I would like to ask about the capabilities of Greenbone/OpenVAS regarding cloud infrastructure scanning.
We are currently using a cloud environment that includes managed Kubernetes services (managed Kubernetes clusters provided by a cloud vendor), and I would like to understand the best approach for vulnerability assessment in such environments.
Could you please clarify:
Is it possible to scan workloads and nodes inside a managed Kubernetes cluster using Greenbone/OpenVAS?
Are there any official integrations or best practices for Kubernetes discovery and vulnerability scanning?
Can authenticated scanning be used against worker nodes in managed Kubernetes platforms?
Do you support scanning containerized applications and Kubernetes services exposed internally only?

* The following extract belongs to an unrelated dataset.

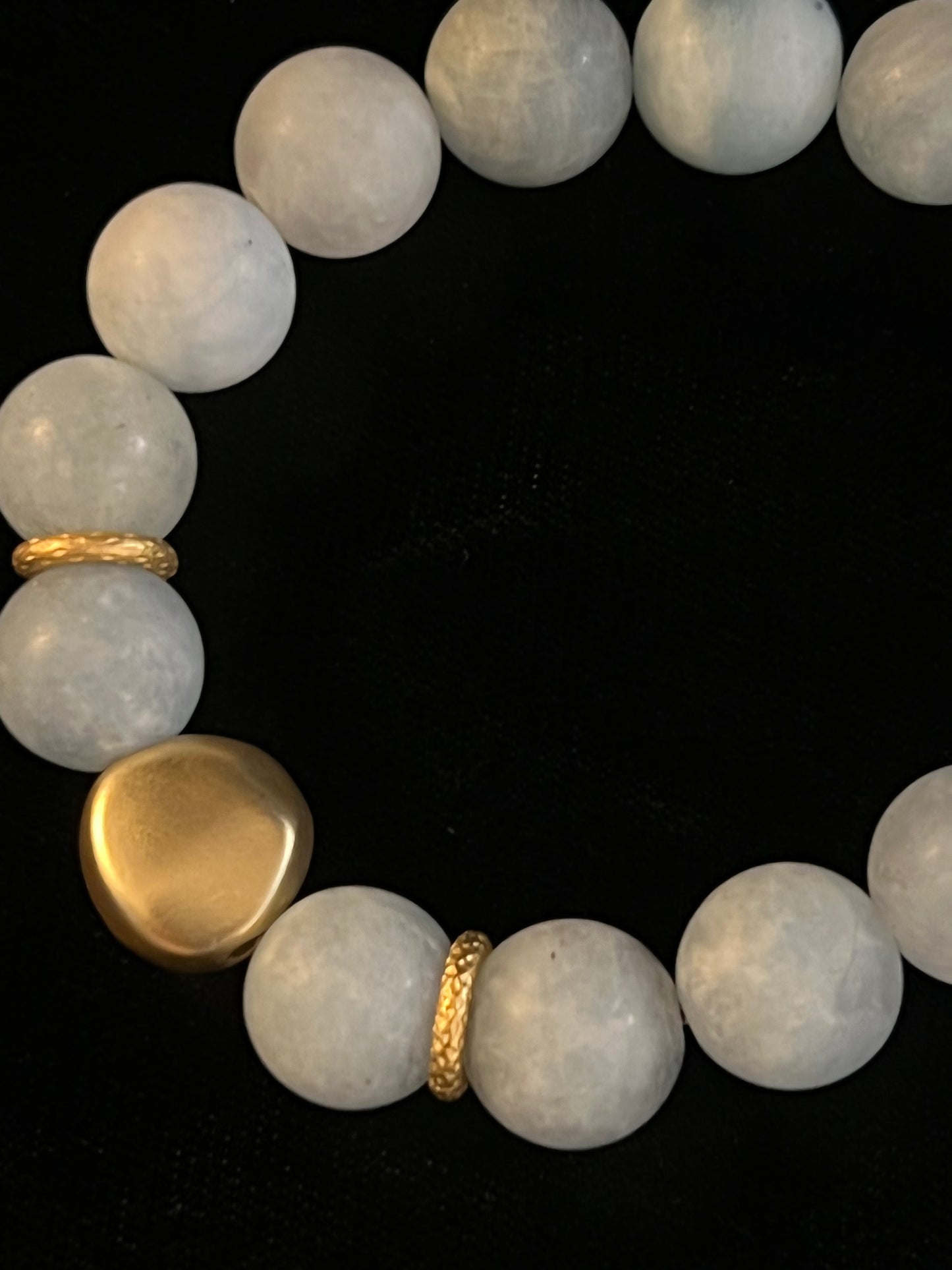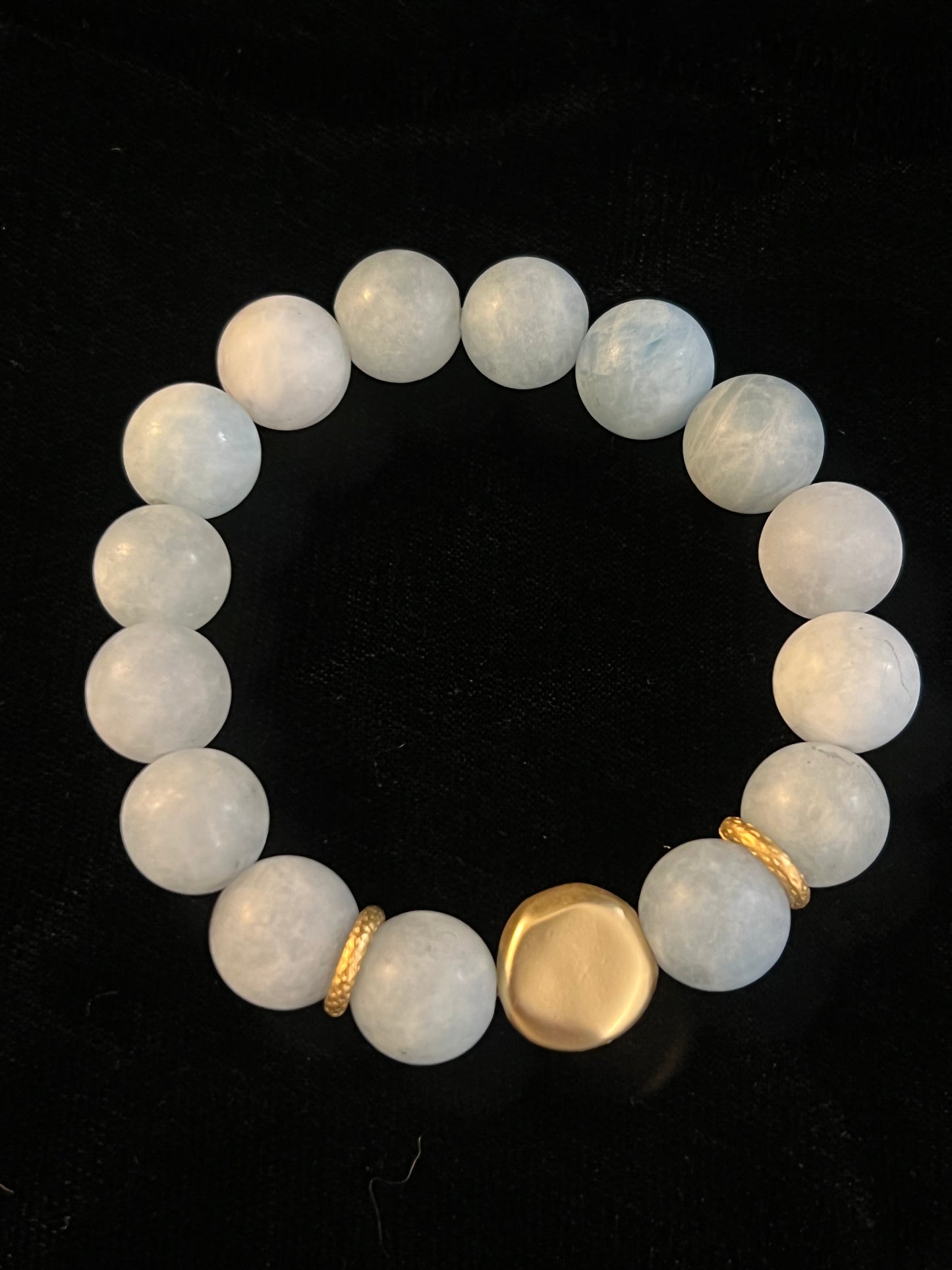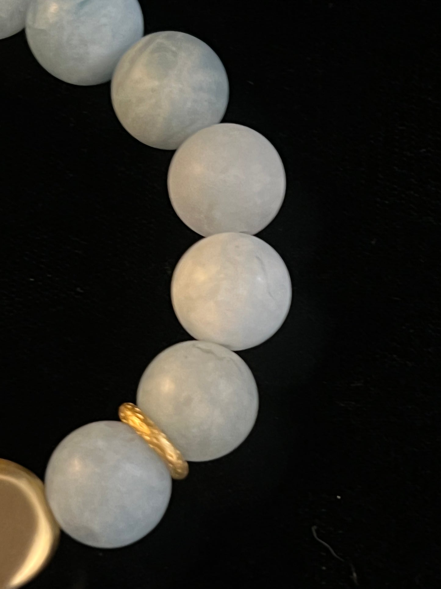 This matte aqua marine 12 mm bracelet features a matte golden nugget charm with textured golden loops on either side. These stones are natural, not plastic! Bracelet stretches - so one size fits most. This bracelet is one of a kind - the bracelet you see will be the bracelet you receive!

Additionally, if you have documentation or reference architectures for scanning cloud infrastructures with managed Kubernetes, I would highly appreciate it.
gvmd has new features for container registry scanning and agent-based scanning. However, these are not available in the Community Containers or Kali-native installation.
To use them you must currently compile from source and adjust the compile options and enable these features in the gvmd configuration file. Scanning the internal runtime of running containers is still not possible, however, without saying too much there are plans to implement such features in the future.
For anyone compiling gvmd from source and wanting to enable the optional container scanning and agent features, use the current Greenbone Community source-build documentation for the full cmake commands and required install variables. Also make sure you are building the most recent available gvmd version.
In addition to the documented gvmd CMake options, pass these additional feature flags:
-DENABLE_CONTAINER_SCANNING=1
-DENABLE_AGENTS=1
After compiling and installing, the runtime feature flags must also be enabled in the active gvmd.conf file:
Note that config/gvmd.conf.in in the source tree is only the template. The effective runtime file must be gvmd.conf in the configuration path used by the installation.
These new scan options will allow container security scanning pre-deployment and also support cloud environments where networks are be restrictive against traditional authenticated scans.